Prezes Europejskiego Banku Centralnego Mario Draghi przynaglił w sobotę państwa strefy euro do wspólnych działań na rzecz reformowania ich gospodarek, zaznaczając, że dzielenie się suwerennością z partnerami z unii walutowej jest szansą, a nie zagrożeniem.

W przesłaniu do uczestników konferencji w Rzymie Draghi podkreślił konieczność szybkiego wcielania w życie dotyczących sfinalizowania unii gospodarczej i walutowej zaleceń EBC, z których wiele pozostaje wciąż na papierze.

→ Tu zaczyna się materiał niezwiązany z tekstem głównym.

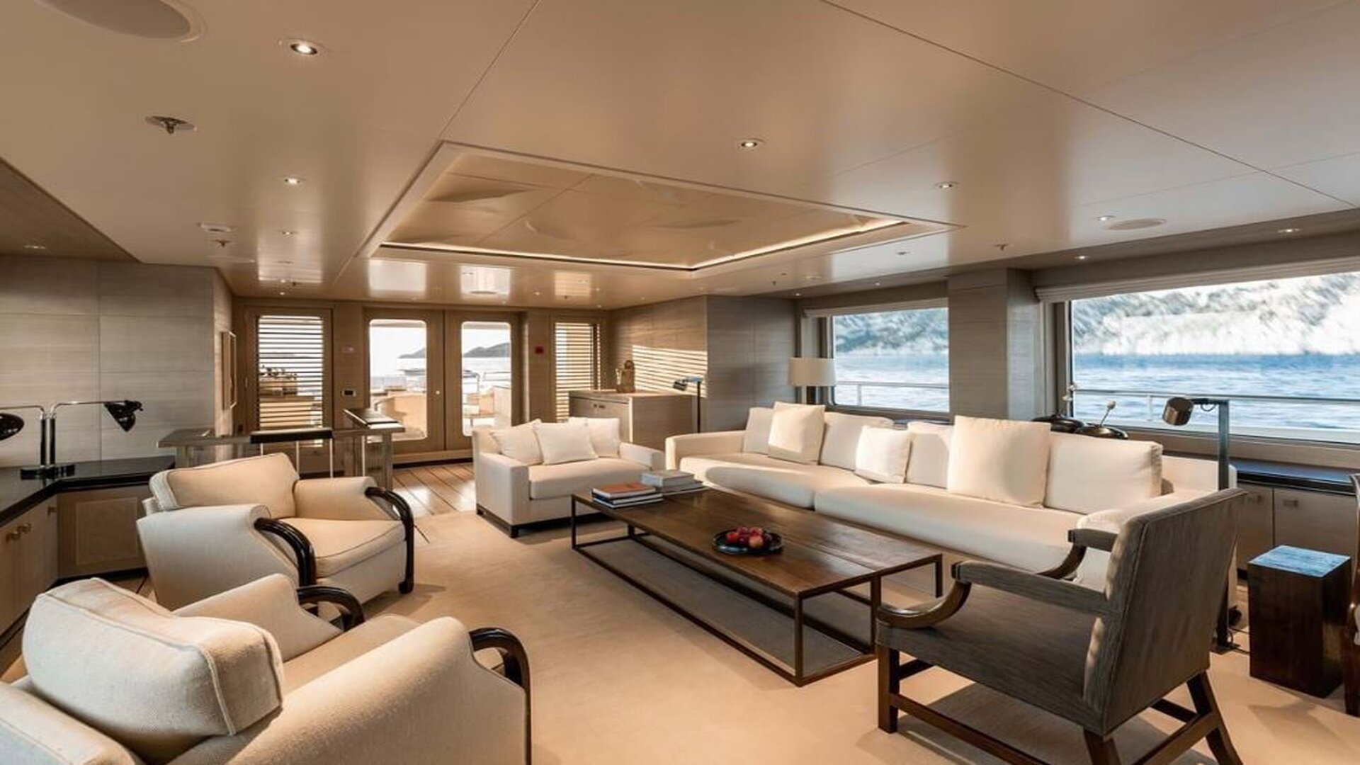 Out on deck, guests can spend lazy days onboard her sun deck, where sunpads fringe the forward Jacuzzi, or dine beneath the shade of the hardtop.
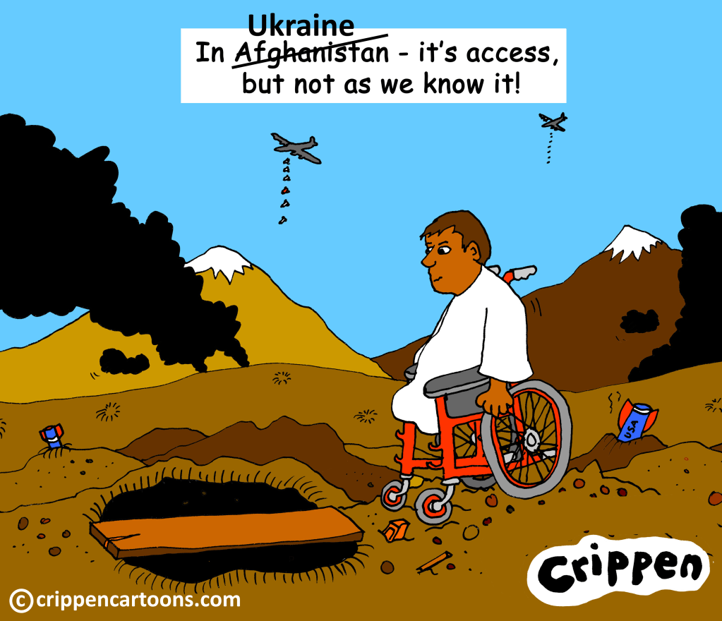 The scene is a war torn landscape with bombers flying overhead and dropping their sticks of bombs. Black oily clouds climbs into the sky alongside bombed out buildings. In the middle is a lone wheelchair user looking down at a single plank laid across a deep bomb crater. A sign over his head reads ‘In Afghanistan – it’s access, but not as we know it!’ However, the word ‘Afghanistan’ is crossed through and written over the top of it is ‘Ukraine’.

"Obecna sytuacja w strefie euro ukazuje, że ta zwłoka może być niebezpieczna" - napisał Draghi w opublikowanym przez EBC tekście. Jak jednocześnie przyznał, osiągnięto postęp na przykład w kwestii unii bankowej. Jednak prywatne ryzyka w strefie euro powinny być dzielone w sytuacji, gdy integracja finansowa ułatwi firmom dostęp do kredytów i doprowadzi do pełnej unii rynków kapitałowych - podkreślił.

Prezes EBC wezwał do ściślejszego i bardziej transparentnego przestrzegania obecnych reguł budżetowych w celu niwelowania różnic między państwami strefy euro pod względem poziomu zatrudnienia, wzrostu gospodarczego i wydajności pracy. Przy wprowadzaniu reform strukturalnych państwa powinny się kierować wspólnymi standardami, lecz również honorować własną specyfikę w ramach procesu "konwergencji zdolności naszych gospodarek do wytrzymywania wstrząsów i wspólnego wzrastania".

Draghi powiedział, iż strefa euro powinna zadać sobie pytanie, czy uczyniła dostatecznie dużo dla zagwarantowania możliwości wykorzystywania polityki budżetowej do łagodzenia skrajności cyklu ekonomicznego. "Sądzę, że nie" - zakonkludował.

Według Draghiego dopiero po wybuchu kryzysu zadłużeniowego wiele państw zrozumiało, że ich suwerenne prawo wybierania własnej polityki gospodarczej jest w unii walutowej ograniczone. Jednak wspólna praca na rzecz długoterminowej stabilności oznacza dzielenie się kontrolą - dodał szef EBC, podkreślając, iż "to, co wydaje się zagrożeniem, jest w rzeczywistości szansą".